Скелтоны попрощались со мной и с Эмили и уже было направились к двери, как вдруг Нэд сказал:
— Мы с Крис проводим вас.
Мы провели их через газон к тенистому дереву, где с глазенками, полными смеха и понятной только ему одному радости, играл Марк. Он снял оба носочка и, как птица в силке, запутался голыми ножками в сетке коляски.
— Мне кажется, он очень похож на Нэда, — важно заметила миссис Скелтон.
— Ах, что за малыш, ах молодец! — ворковал ее супруг, вертя над Марком кончиком своего галстука. — Скажи «папа». Ты еще не умеешь говорить? Ну скажи же: «па-па».
— Рот, мне кажется, такой, как у Нелли. — Миссис Скелтон еще ниже склонилась над коляской, щурясь и утвердительно кивая головой.

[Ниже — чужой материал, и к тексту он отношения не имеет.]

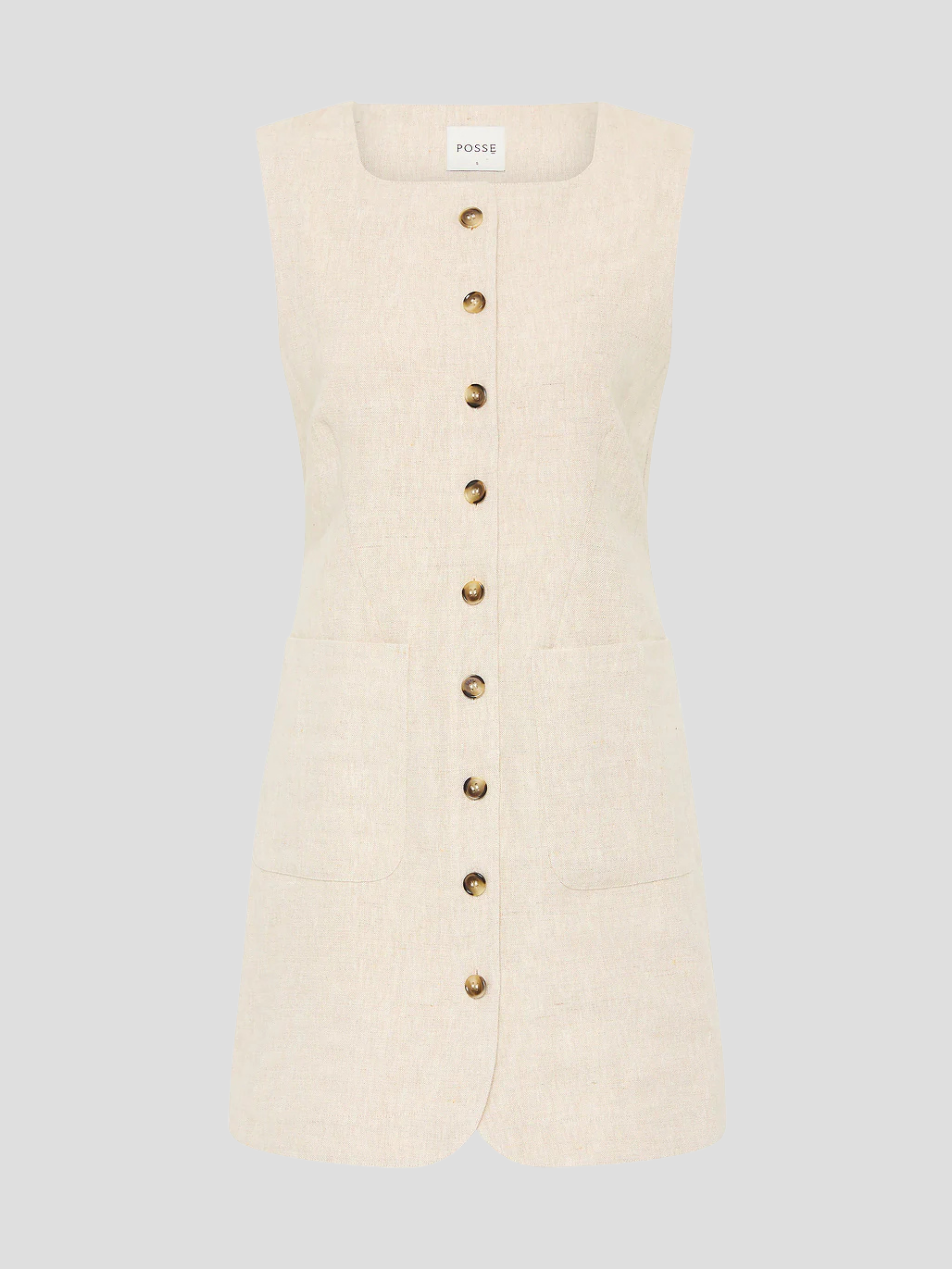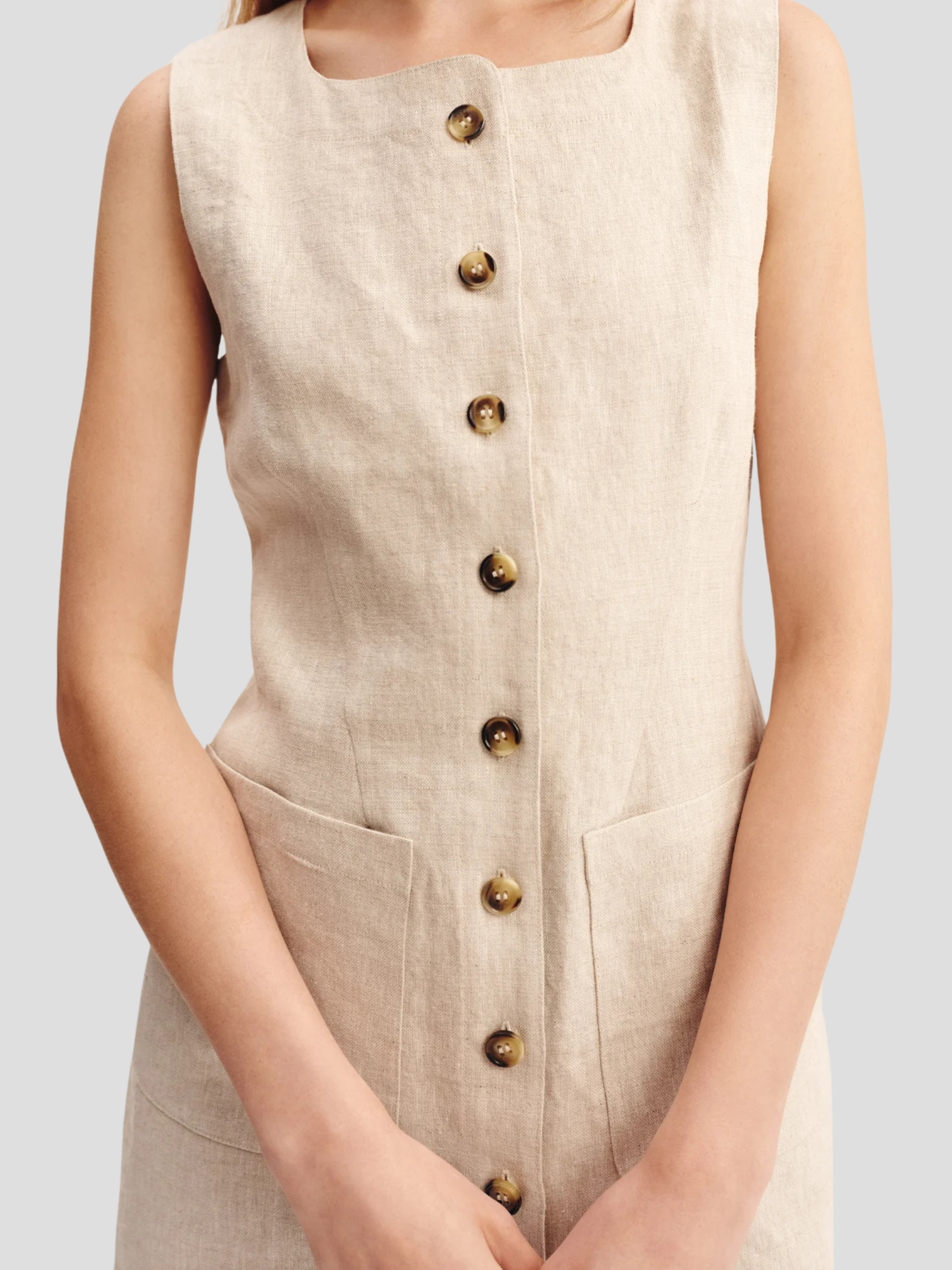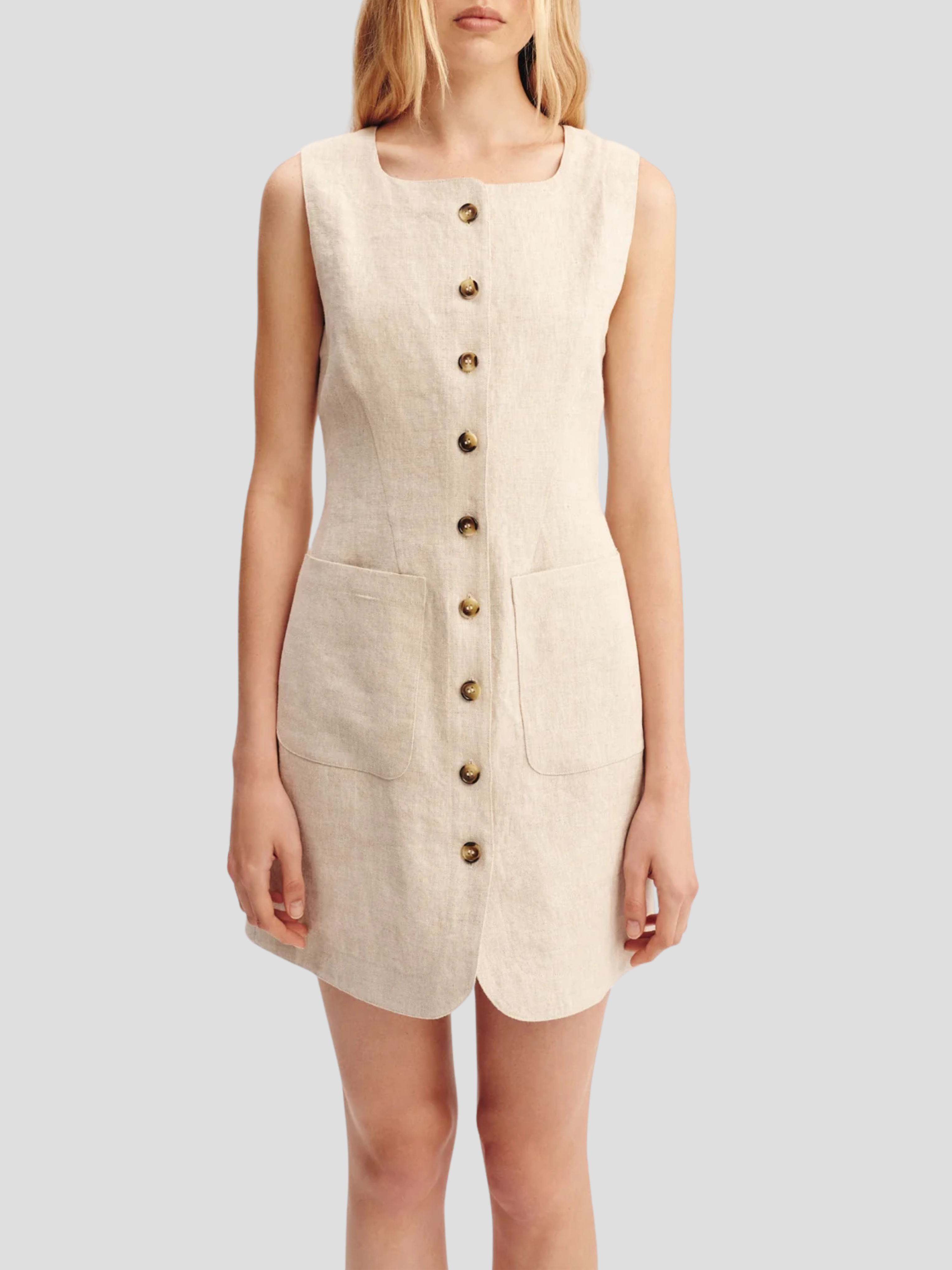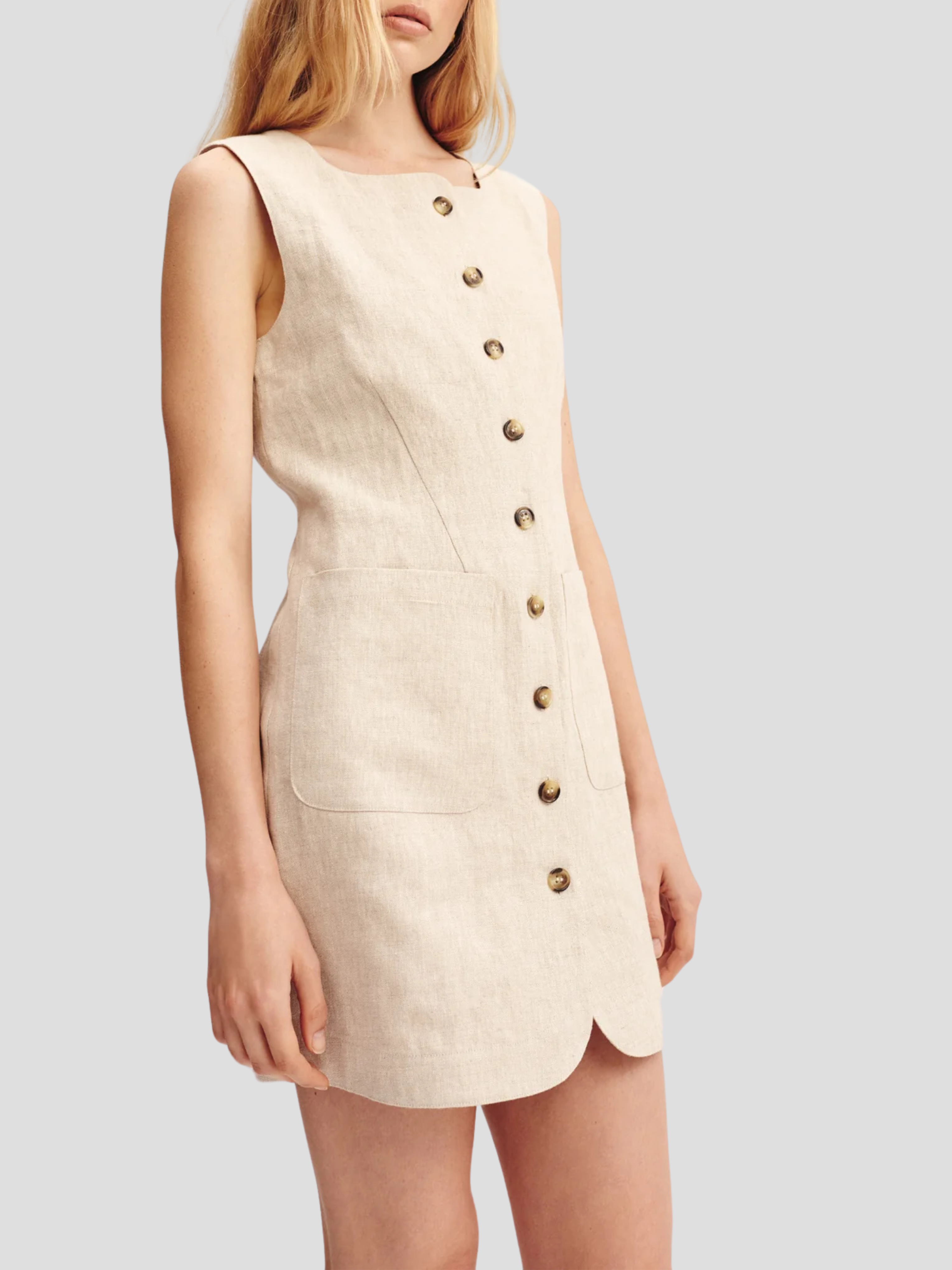 Cut from premium linen, the Emma Mini Dress features an elegant high neckline, mottled centre-front buttons and a curved hem. Use the adjustable back buckle to create a cinched silhouette.

Я освободила ножки ребенка из сетки, убрала ее и поцеловала сына. Щечка его была крепкой и упругой, от нее пахло детской присыпкой и цветами.
— Хорошо, — вдруг громко сказал Нэд, — вы сами знаете, что мы согласны. Вы сами знаете, что у нас нет иного выхода. Мы оба благодарим вас. — Лицо его подергивалось от гнева. Прилившая кровь остановилась где-то на середине лба, образовав красную полосу, словно от загара. Глаза казались огромными от застывших в них слез. — Мы очень благодарны вам, — повторил он еще раз глухим голосом.
Глава II
После этого Нэд стал еще меньше интересоваться сыном. Марк был моим ребенком и миссис Скелтон: я заботилась о нем, а она давала деньги. Мне кажется, Нэд сам сознавал, что Марк не имеет к нему никакого отношения.

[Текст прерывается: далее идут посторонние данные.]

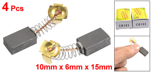 Product Name Carbon Brush Carbon Brush Size 10 x 6 x 15mm/ 25/64" x 15/32" x 19/32" (L*W*T) Total Length (Approx) 40mm/ 1.6" Material Carbon & Metal Color Black, Silver Tone, Brass Tone Net Weight 10g Package Content 4 x Carbon Brushes - Reviews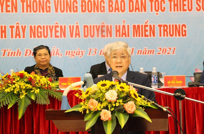 Nhân dịp Hội thảo, Bộ trưởng, Chủ nhiệm Đỗ Văn Chiến cũng đã thông tin tới các đại biểu 3 nội dung có tính chất thông điệp trong bài phát biểu của Ủy viên Bộ chính trị, Thủ tướng Chính phủ Nguyễn Xuân Phúc tại Đại hội Đại biểu toàn quốc các DTTS lần thứ II năm 2020: Trong hệ thống quan điểm hướng đến đồng bào các dân tộc anh em mà bác Hồ đã dặn, có 2 điều quan trọng nhất mà chúng ta không được phép quên, đó là “Đoàn kết các dân tộc và nâng cao thực chất đời sống của đồng bào”. Hãy truyền dạy cho con cháu muôn đời về lòng yêu nước của cha ông ta, về tinh thần tự hào, tự tôn dân tộc, về đức tính cần cù chịu khó, thật thà, tốt bụng, về ý chí dấn thân vì cộng đồng, đất nước; hãy khơi dậy tinh thần và khát vọng về một Việt Nam hùng cường vào năm 2045 trong đồng bào DTTS. Tiếp tục đổi mới tư duy, hành động quyết liệt với quyết tâm chính trị cao nhất, thực hiện thắng lợi Nghị quyết 88/2019/Qh14 và Nghị quyết 120/2020/QH14 của Quốc hội khóa 14 và Quyết định số 1409/QĐ-TTg của Thủ tướng Chính phủ ban hành kế hoạch triển khai Nghị quyết 120 của Quốc hội về phê duyệt chủ trương đầu tư Chương trình MTQG phát triển kinh tế-xã hội vùng đồng bào DTTS và miền núi giai đoạn 2021-2030.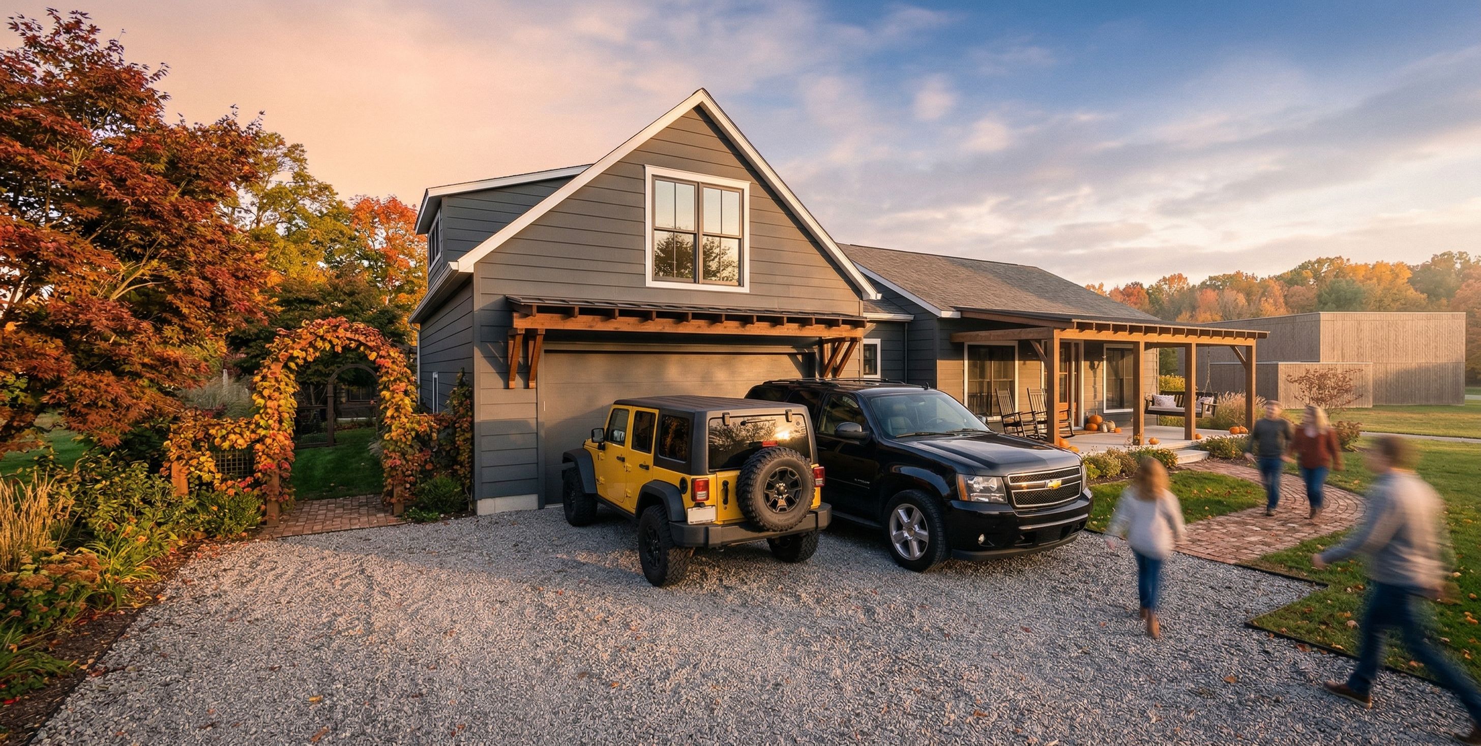 Promptcrisp fall morning, just after sunrise, gravel driveway. brick walkway., keep exact camera angle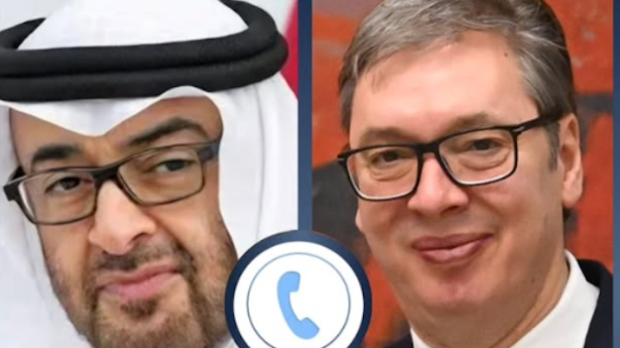 Председник Србије Александар Вучић разговарао је вечерас телефоном са председником Уједињених Арапских Емирата шеиком Мухамедом бин Заједом ел Нахјаном о актуелној ситуацији на Блиском истоку и озбиљној ескалацији која носи ризике по регионалну и глобалну безбедност.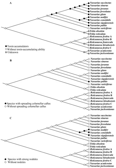 In the present phylogeny (Figure 4), N. variciferus was the first species branching off. The distant phylogenetic relationship between N. variciferus and other nassariids has also been revealed in previous studies [6,7]. Based on the morphology of shell characteristic, N. variciferus was previously classified into subgenus Varicinassa, which was defined as a single-species group with prominent angulate varices on whorls [5]. However, the presence of varices appears to be a morphological phenotype because individuals of N. variciferus without varices have also been found [7]. According to previous records, almost all Nassarius species were toxin accumulators except for N. variciferus (Table 1). It is inferred that nassariid toxins, which were recognised as algal toxin or tetrodotoxin, could not be produced by nassariids themselves, but might be from the environment (probably via the food chains [47]). Therefore, the differences on toxicity may reflect different food preferences. However, further studies concerning the components and sources of nassariid toxins as well as the anatomical characteristics of nassariid digestive systems are needed to support the present hypothesis.

Меня это все мало огорчало. В доме теперь было немного больше денег. Я купила себе два ситцевых платья, доставивших мне больше радости, чем любая новая вещь, которая появлялась у меня до сих пор. Задумчиво разглядывая свое отражение в зеркале с Марком на руках, я представляла, как все будут говорить: «Какая очаровательная мать и какой прелестный ребенок». Я снова, как в детстве, давала волю своей фантазии. Мне было приятно погружаться в ее сверкающие глубины, плавать среди изящных коралловых островков моего воображения, медленно преодолевая упругое сопротивление воды. В такие минуты я смотрела на Нэда, словно через прозрачный стеклянный барьер, как золотая рыбка смотрит на людей через стекло аквариума.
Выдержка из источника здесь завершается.